WARNING: This step had 0 ERROR messages and 6 WARNING messages. Please check
the log file for details.

completed
Phase 3: Dumping senones for PocketSphinx...

mk_s2sendump Log File

completed

MODULE: 99 Convert to Sphinx2 format models (2010-07-07 17:36)
Phase 1: Cleaning up old log files...

Phase 2: Copy noise dictionary

Phase 3: Make codebooks

Log File
mk_s2cb Log File

completed
Phase 4: Make chmm files

mk_s2hmm Log File

completed
Phase 5: Make senone file

Log File
mk_s2sendump Log File

FATAL_ERROR: "........\src\programs\mk_s2sendump\mk_s2sendump.c", line 199:

States(3) != 5

FAILED

#######################################################################

Note: My platform in Windows7, SphinxTrain and AN4 tarballs, are obtained from
the links provided in the
above mentioned tutorial, Little Endian database for AN4 is selected and
Microsoft Visual C++ 2008 express
is used for compiling SphinxTrain.

What could be causing this behavior ?

Thanks,

If you would like to refer to this comment somewhere else in this project, copy and paste the following link:

Nickolay V. Shmyrev - 2010-07-07

Tutorial needs little upgrade but in short:

** you can skip this step**

If you would like to refer to this comment somewhere else in this project, copy and paste the following link:

creative64 - 2010-07-08

Hi NS,

Thanks,

Should I not run "\99.make_s2_models\make_s2_models.pl" at all or need to mask-off parts within this script ?

Few more:

After creating the AN4 acoustic model, I'd like to use it to decode utterances provided in AN4 database with my
regular pocketsphinx_batch setup. Which directory should I take that will have
all the hmm parameters (i.e the file to
be used for "-hmm" argument in pocketsphinx.batch)

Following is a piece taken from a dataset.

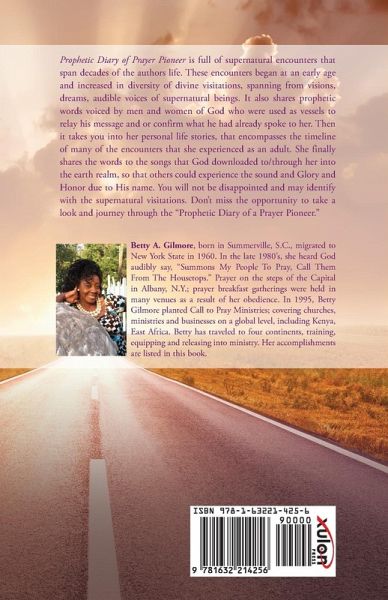 Prophetic Diary of Prayer Pioneer is full of supernatural encounters that span decades of the authors life. These encounters began at an early age and increased in diversity of divine visitations, spanning from visions, dreams, audible voices of supernatural beings. It also shares prophetic words voiced by men and women of God who were used as vessels to relay his message and or confirm what he had already spoke to her. Then it takes you into her personal life stories, that encompasses the timeline of many of the encounters that she experienced as an adult. She finally shares the words to the songs that God downloaded to/through her into the earth realm, so that others could experience the sound and Glory and Honor due to His name. You will not be disappointed and may identify with the supernatural visitations. Don't miss the opportunity to take a look and journey through the "Prophetic Diary of a Prayer Pioneer." Betty A. Gilmore, born in Summerville, S.C., migrated to New York State in 1960. In the late 1980's, she heard God audibly say, "Summons My People To Pray, Call Them From The Housetops." Prayer on the steps of the Capital in Albany, N.Y.; prayer breakfast gatherings were held in many venues as a result of her obedience. In 1995, Betty Gilmore planted Call to Pray Ministries; covering churches, ministries and businesses on a global level, including Kenya, East Africa. Betty has traveled to four continents, training, equipping and releasing into ministry. Her accomplishments are listed in this book.

SphinxTrain tutorial talkes of a filler dictionary along with regular dictionary for training as well as for decoding.
In my experience with pocketsphinx so far, I'm used to giving only one
dictionary file (aregument for "-dict" in
pocketsphinx_batch). How do I provide filler dictionary to pocketsphinx_batch
?

Thanks,
If you would like to refer to this comment somewhere else in this project, copy and paste the following link:

creative64 - 2010-07-08

Should I not run "\99.make_s2_models\make_s2_models.pl" at all or need to mask-off parts within this script ?

After creating the AN4 acoustic model, I'd like to use it to decode utterances provided in AN4 database with my
regular pocketsphinx_batch setup. Which directory should I take that will have
all the hmm parameters (i.e the file to
be used for "-hmm" argument in pocketsphinx.batch)

Note: I used an4.cd_semi_1000 hmm directory and was successful in running
pocketsphinx_bat with language model
provided with an4. Tried decoding some of the test files provided. Accuracy
wasn't too good but the flow worked ;-)

Am I picking the right model directory. There are 2 more directories that have
the same or a later timestamps
(an4.cd_semi_1000-delinterp and an4.cd_semi_1000.s2models....)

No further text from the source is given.